> Information supplied:

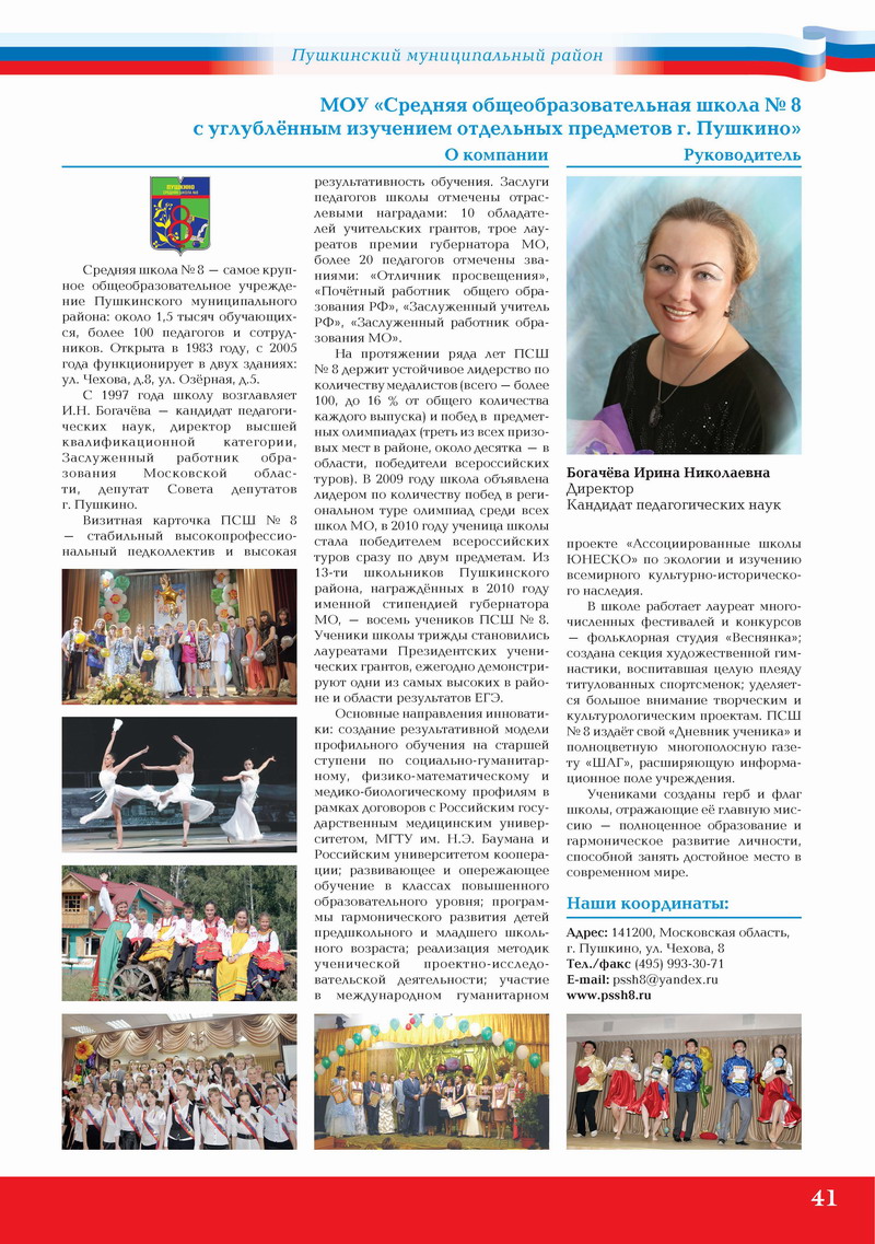 Средняя школа № 8 – самое крупное общеобразовательное учреждение Пушкинского муниципального района: около 1,5 тысяч обучающихся, более 100 педагогов и сотрудников. Открыта в 1983 году, с 2005 года функционирует в двух зданиях: ул. Чехова, д.8, ул. Озёрная, д.5. С 1997 года школу возглавляет И.Н. Богачёва – кандидат педагогических наук, директор высшей квалификационной категории, Заслуженный работник образования Московской области, депутат Совета депутатов г. Пушкино.
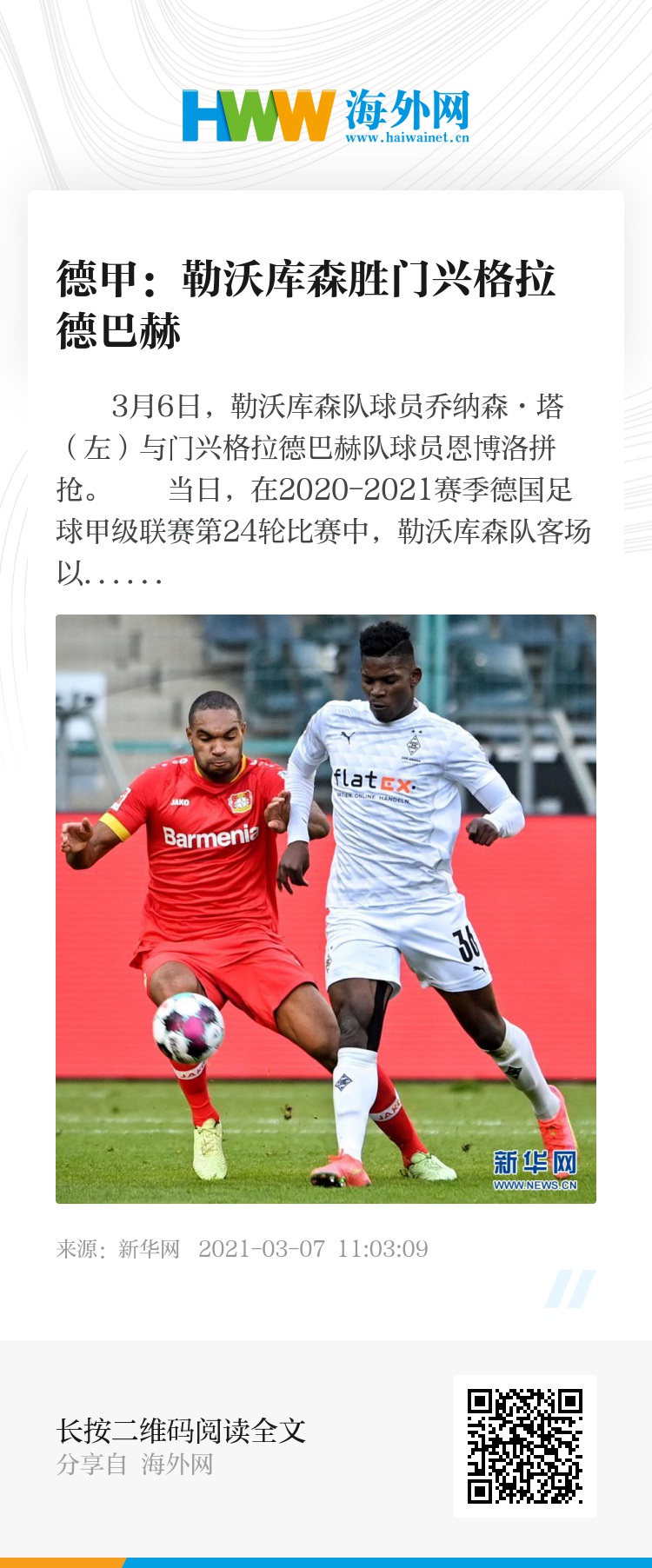当日,在2020-2021赛季德国足球甲级联赛第24轮比赛中,勒沃库森队客场以1比0战胜门兴格拉德巴赫队。新华社发
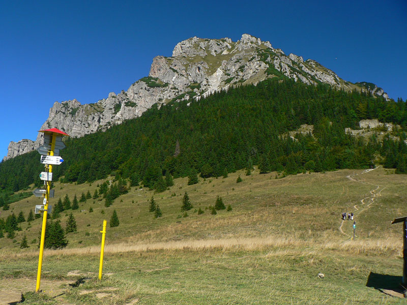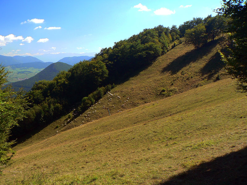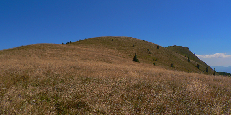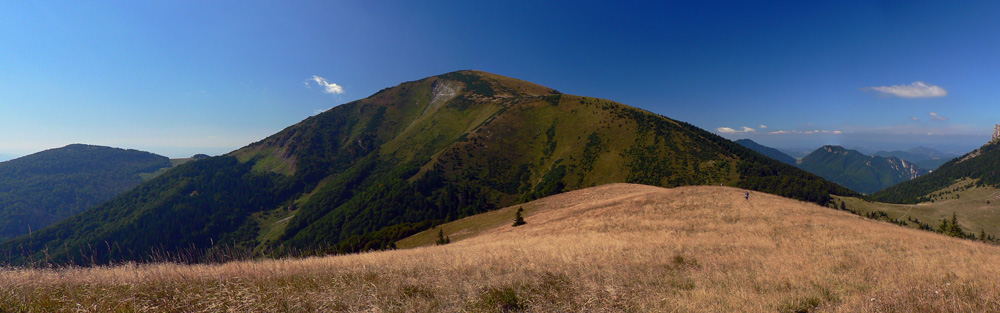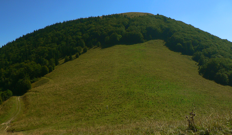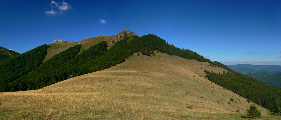 Zo Štefanovej je to „hore“ najskôr prudšie, potom miernejšie lesom do sedla Medziholie. Tak na hodinku a pol, jeden z najfrekventovanejších chodníkov vo Vrátnej. Nakoniec ešte krátky prudší úsek z Medziholia na Osnicu – tam už naopak nechodí skoro nik. Odtiaľ je to už len „dole“. Aj keď v prvej tretine je zostup spestrený niekoľkými krátkymi stupáčikmi. Do sedla Strungový príslop je to poriadne strmý zošup, potom tie hupáčiky okolo Magury a keď sa človek vynorí z lesa na zjazdovke, odtiaľ je to už len dlhééé a čoraz menej strmé klesanie, prevažne lúkami. Prevažne na východ, v ústrety vzdialenejšiemu Choču a bližšiemu Šípu. Ten sa odtiaľto na seba vôbec nepodobá :-) Teda na svoju známejšiu skalnatú tvár, viditeľnú z juhu. Vľavo Kubínska hoľa a vzadu Roháče, vpravo v protisvetle Veľká Fatra.
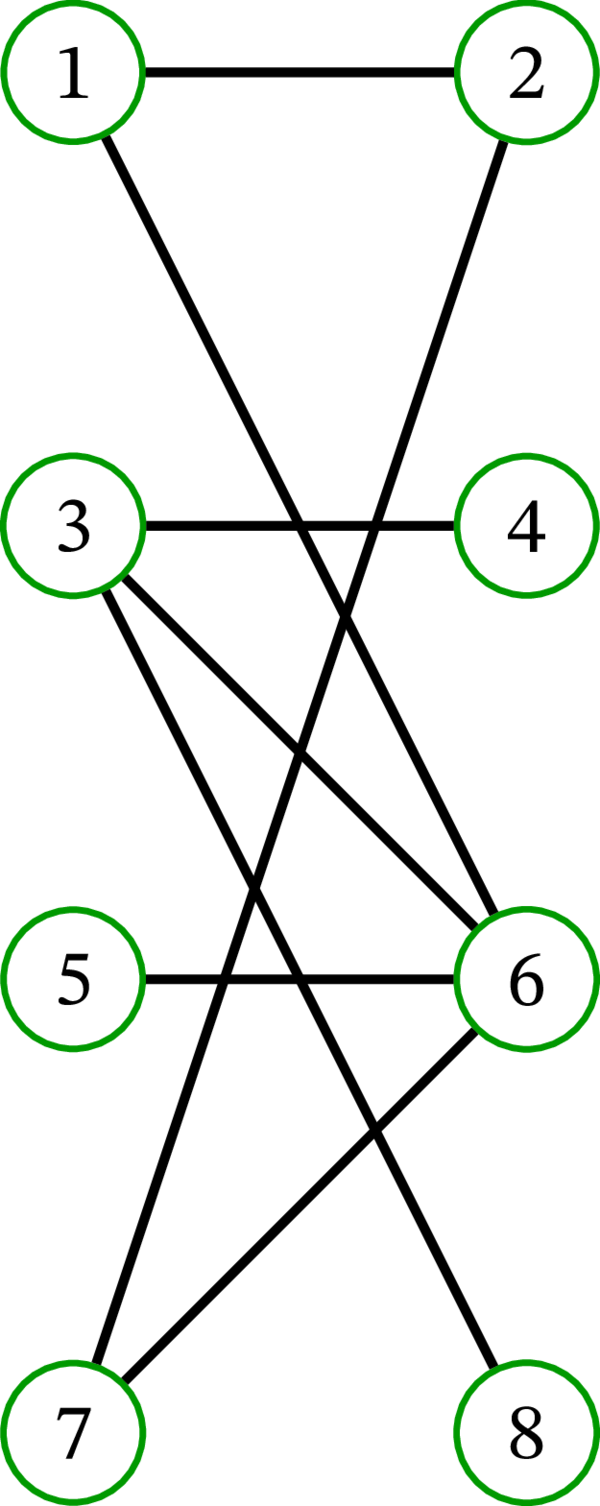 なぜなら、三つの左頂点 \(1\), \(5\), \(7\) のパートナーとなれる右頂点が \(2\) と \(6\) の二つしかないためである。

> Your objective:
No pictures belong in the copy. Repeat the listing above exactly.

> Expected output:
 Средняя школа № 8 – самое крупное общеобразовательное учреждение Пушкинского муниципального района: около 1,5 тысяч обучающихся, более 100 педагогов и сотрудников. Открыта в 1983 году, с 2005 года функционирует в двух зданиях: ул. Чехова, д.8, ул. Озёрная, д.5. С 1997 года школу возглавляет И.Н. Богачёва – кандидат педагогических наук, директор высшей квалификационной категории, Заслуженный работник образования Московской области, депутат Совета депутатов г. Пушкино.
当日,在2020-2021赛季德国足球甲级联赛第24轮比赛中,勒沃库森队客场以1比0战胜门兴格拉德巴赫队。新华社发
 Zo Štefanovej je to „hore“ najskôr prudšie, potom miernejšie lesom do sedla Medziholie. Tak na hodinku a pol, jeden z najfrekventovanejších chodníkov vo Vrátnej. Nakoniec ešte krátky prudší úsek z Medziholia na Osnicu – tam už naopak nechodí skoro nik. Odtiaľ je to už len „dole“. Aj keď v prvej tretine je zostup spestrený niekoľkými krátkymi stupáčikmi. Do sedla Strungový príslop je to poriadne strmý zošup, potom tie hupáčiky okolo Magury a keď sa človek vynorí z lesa na zjazdovke, odtiaľ je to už len dlhééé a čoraz menej strmé klesanie, prevažne lúkami. Prevažne na východ, v ústrety vzdialenejšiemu Choču a bližšiemu Šípu. Ten sa odtiaľto na seba vôbec nepodobá :-) Teda na svoju známejšiu skalnatú tvár, viditeľnú z juhu. Vľavo Kubínska hoľa a vzadu Roháče, vpravo v protisvetle Veľká Fatra.
 なぜなら、三つの左頂点 \(1\), \(5\), \(7\) のパートナーとなれる右頂点が \(2\) と \(6\) の二つしかないためである。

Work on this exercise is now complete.